2.5. Statistical Analysis
The statistical analysis was performed using the GraphPad Prism statistics software package version 5.0 for Windows (GraphPad Software, San Diego, CA, USA). The data are expressed as means ± SEM. Comparisons among control, soy, and fish groups were performed by one-way ANOVA followed by Tukey's test for multiple comparisons. A value of P < 0.05 was considered statistically significant.
3. Results
3.1. Body Mass and Serum Levels of Nonesterified Fatty Acids and Endotoxin
At the end of diet treatment, body mass was significantly higher in the soy group than that in both the control (+45%) and the fish oil (+42%) groups (Figure 1(a)).
Figure 1.
Body mass gain (a) and serum levels of nonesterified fatty acids (b) and endotoxin (c) of rats fed with control (n = 6), soy (n = 5), or fish diet (n = 8). *P < 0.05 versus control; # P < 0.05 soy versus fish.
The fish oil group had significantly lower serum NEFA levels than both the control (−22%) and the soy oil (−39%) groups (Figure 1(b)). Serum endotoxin levels were similar among the groups (Figure 1(c)).
3.2. Inflammatory Signaling in the Hypothalamus
The fish oil group had reduced hypothalamic protein levels of TNF-α (−61%) and IL-6 (−49%) when compared to the control group (Figures 2(a)-2(b)). Levels of IL-10, IL1-β, TNF-αR, and IL-6R were similar among the studied groups (Figures 2(c)–2(f)). IL-10R levels were 21% higher in the fish than in the control group (Figure 2(g)).
Figure 2.
Hypothalamic protein levels of TNF-α (a), IL-6 (b), IL-10 (c), IL-1β (d), TNF-α receptor (e), IL-6 receptor (f), and IL-10 receptor (g) of rats fed with control (n = 6–9), soy (n = 7–8), or fish diet (n = 6–10). *P < 0.05 versus control; # P < 0.05 soy versus fish.

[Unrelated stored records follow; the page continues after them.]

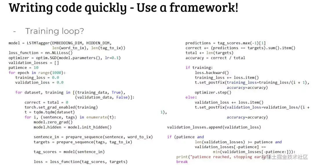 要做到快速编程,不要从头开始写所有内容,而是使用框架。这里的框架不仅指 tensorflow 或 pytorch 之类的框架,也可以理解为模板。比如上图中如果写 training loop 的部分,已经有人写好了。我们只要看懂后,直接拿来用就行,没有必要从头开始自己写所有部分。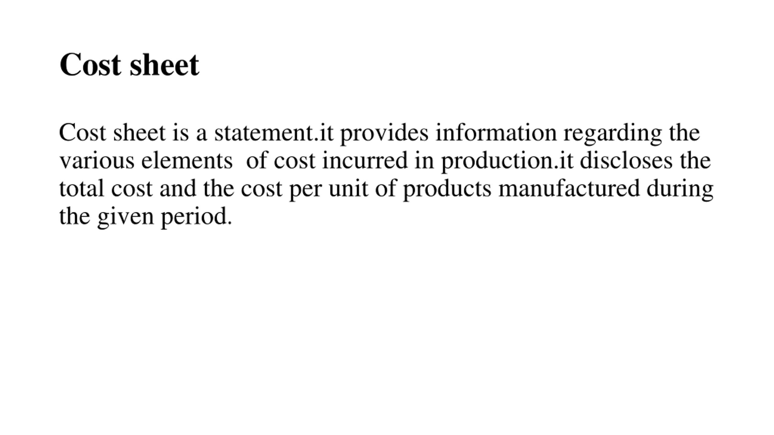 Cost sheet Cost sheet is a statement.it provides information regarding the various elements of cost incurred in production.it discloses the total cost and the cost per unit of products manufactured during the given period.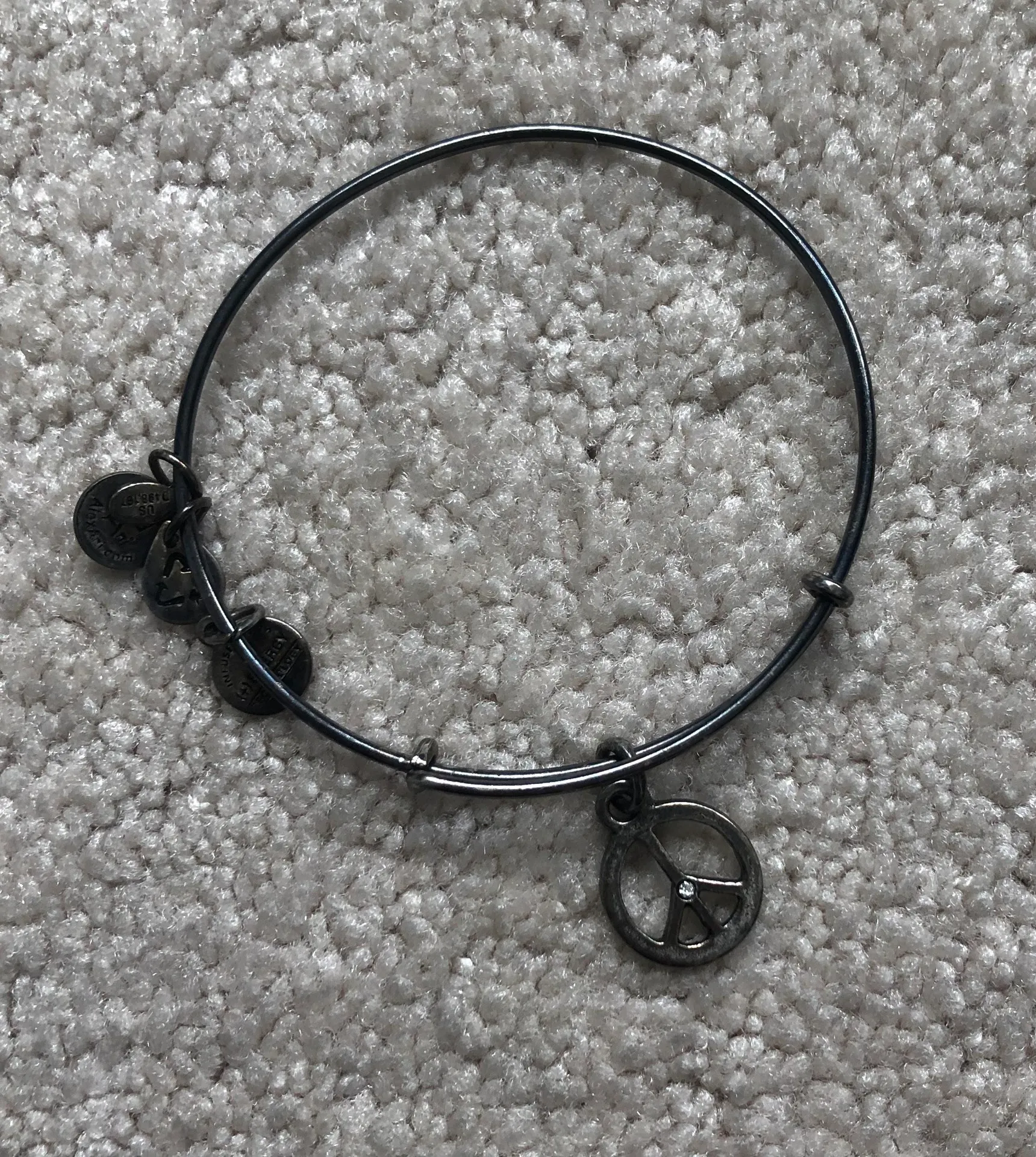 Gun metal peace sign charm bangle with small gem in the middle from Alex and Ani. Tarnish is shown i... Show more

No significant differences were observed among the groups in hypothalamic protein levels of TLR2, TLR4, MyD88, and NFκBp50 (Figures 3(a)–3(c) and 3(e)). TRAF6 levels were higher in the soy than those in the control and fish oil groups (25% and 27%, resp., Figure 3(d)) while NFκBp65 levels were 73% higher in the soy than those in the control group (Figure 3(f)).
Figure 3.
Hypothalamic protein levels of TLR2, TLR4, MyD88, TRAF-6, NFκBp50, and NFκBp65 of rats fed with control (n = 5–8), soy (n = 5–8), or fish diet (n = 5–8). *P < 0.05 versus control; # P < 0.05 soy versus fish.

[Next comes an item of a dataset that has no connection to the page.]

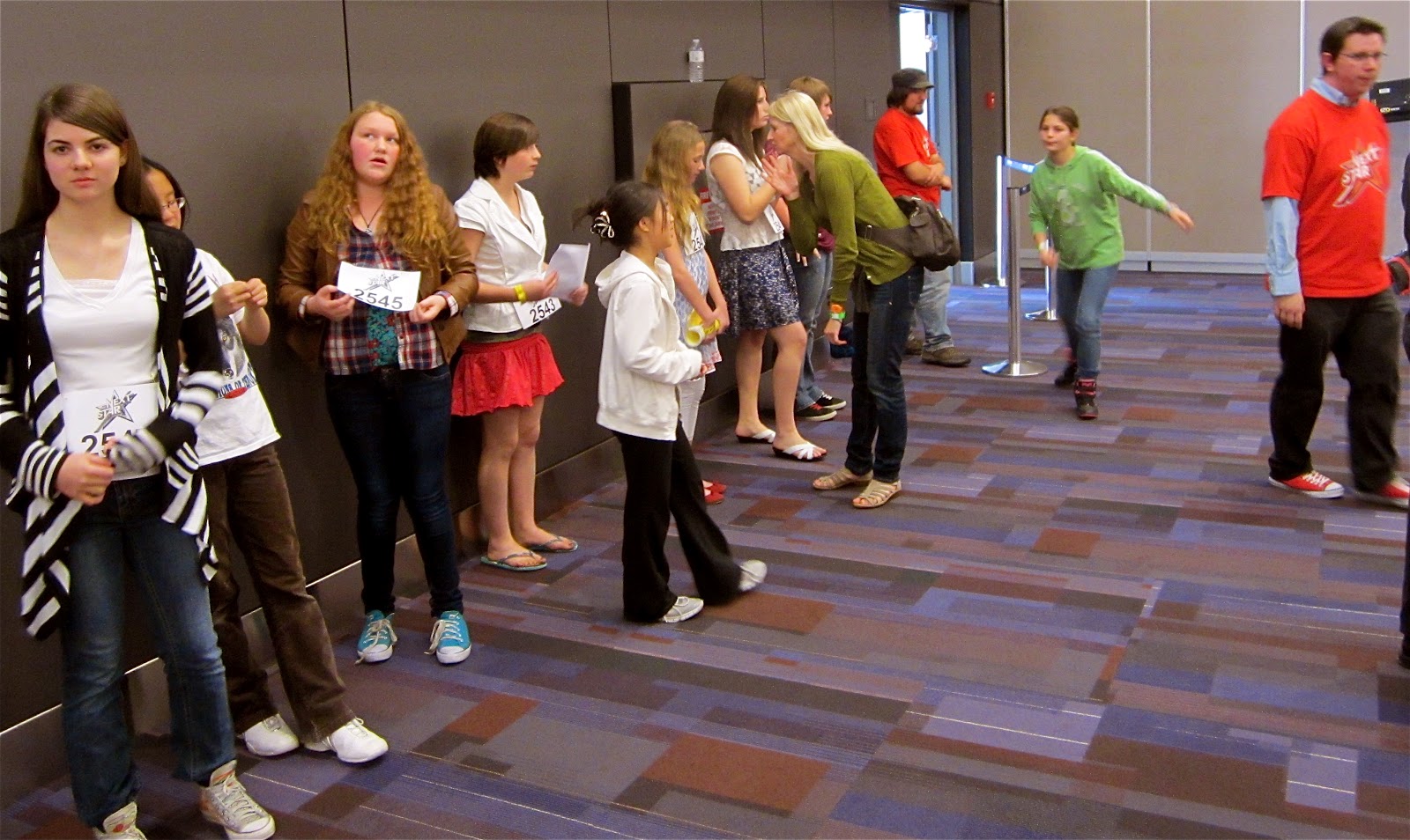 Tabitha was amazing this weekend in Vancouver. She auditioned for The Next Star. She made it to the third round before being cut. Her determination, maturity, passion for music and performing blew me away. The entire weekend was a whirlwind of “out of the box” amazement. Thank God Peter agreed to join us this weekend. I could not have done it without him. I had no idea the “small” keyboard I rented was as big and heavy as a Baby Grand! Peter was also the one to stand in line at 4:30 a.m. (as he is always a super-early riser). Tabs, Pip and I joined him at 5:45 a.m.

3.3. Inflammatory Cytokines in Liver and Gastrocnemius Muscle
Muscles TNF-α and IL-6 were significantly lower in the fish oil than those in the control group (Figures 4(a)-4(b)) while muscle IL-10 levels were increased in both the soy and the fish groups (Figure 4(c)). Liver levels of TNF-α and IL-6 were significantly lower in both the fish and the soy groups than those in the control group (Figures 4(d)-4(e)) while liver IL-10 levels were similar among groups (Figure 4(f)).
Figure 4.
Liver and muscle protein levels of TNF-α, IL-6, and IL-10 of rats fed with control (n = 5), soy (n = 4), or fish diet (n = 4). *P < 0.05 versus control; # P < 0.05 soy versus fish.
4. Discussion
Since hypothalamic inflammation induced by intake of saturated and trans fat diets has been associated with hypothalamic leptin and insulin resistance and obesity, the main objective of the present study was to ascertain the effect of high-fat PUFA diets on inflammatory parameters in the hypothalamus of rats. We compared diets prepared with soy and fish oils, used to promote diet enrichment with either n-6 or n-3 series PUFAs, as previously determined [16–18].

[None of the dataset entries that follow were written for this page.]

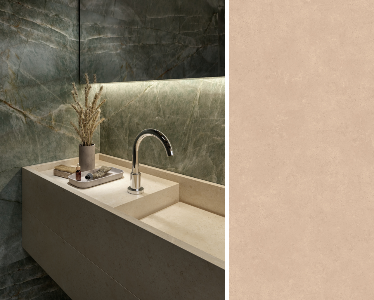 Nessa bancada com cuba esculpida, a estética suave e elegante se encontra na série Cross Cut, da Roca Cerámica. Com referências ao mármore Travertino de mesmo nome, no catálogo o material é disponibilizado na medida 120 x 120 cm, no acabamento mate, e 120 x 250 cm no Micro Crystal | Foto: Divulgação Roca Cerámica |
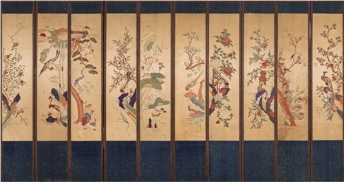 사계절을 상징하는 꽃과 새가 수 놓인 10폭 병풍도 주목할 만한 유물이다.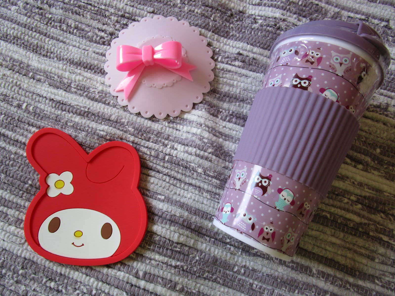Os prémios deste giveaway são um copo de corujinha, uma base para copos da my melody e ainda um tapa copos com um laçinho.

We observed differential effects of the PUFA-rich diets. The soy diet induced increased hypothalamic levels of TRAF6 and NFκBp65, findings indicative of local stimulation of the NFκB pathway. On the other hand, the fish diet led to diminished hypothalamic levels of TRAF6 and of the inflammatory cytokines TNF-α and IL-6, along with enhanced levels of the receptor protein for IL-10, an anti-inflammatory cytokine. These findings agree with the report of induction of inflammatory process after intracerebroventricular administration of the n-6 PUFA linoleic acid but not of the n-3 PUFA linolenic acid to rats for 3 days [6]. Interestingly, unlike the effects of saturated fat-feeding [6–9], in the present experiments, the levels of TNF-α, IL-1β, and IL-6, as well as of their receptor proteins, were not altered in the hypothalamus of the soy-diet rats, in agreement with previous data [6]. Intermediates of the NFκB pathway have been shown to affect insulin signal transmission, as IKK was able to both induce serine phosphorylation of IRS-1 and upregulate SOCS3 (suppressor of cytokine signaling) in the hypothalamus of mice fed high-fat saturated diet [19]. Moreover, the inclusion of an n-3-rich oil in a saturated high-fat diet reversed the diet-induced hypothalamic inflammation and improved insulin and leptin signaling, through binding to the transmembrane G-protein-coupled receptor 120 (GPR120) [20, 21]. Since hypothalamic inflammation has been associated with central insulin resistance [6–10], the present data are also in line with our previous work, reporting impairment of hypothalamic insulin signaling and abolition of insulin hypophagia by the soy diet while the fish diet exerted a protective effect [18].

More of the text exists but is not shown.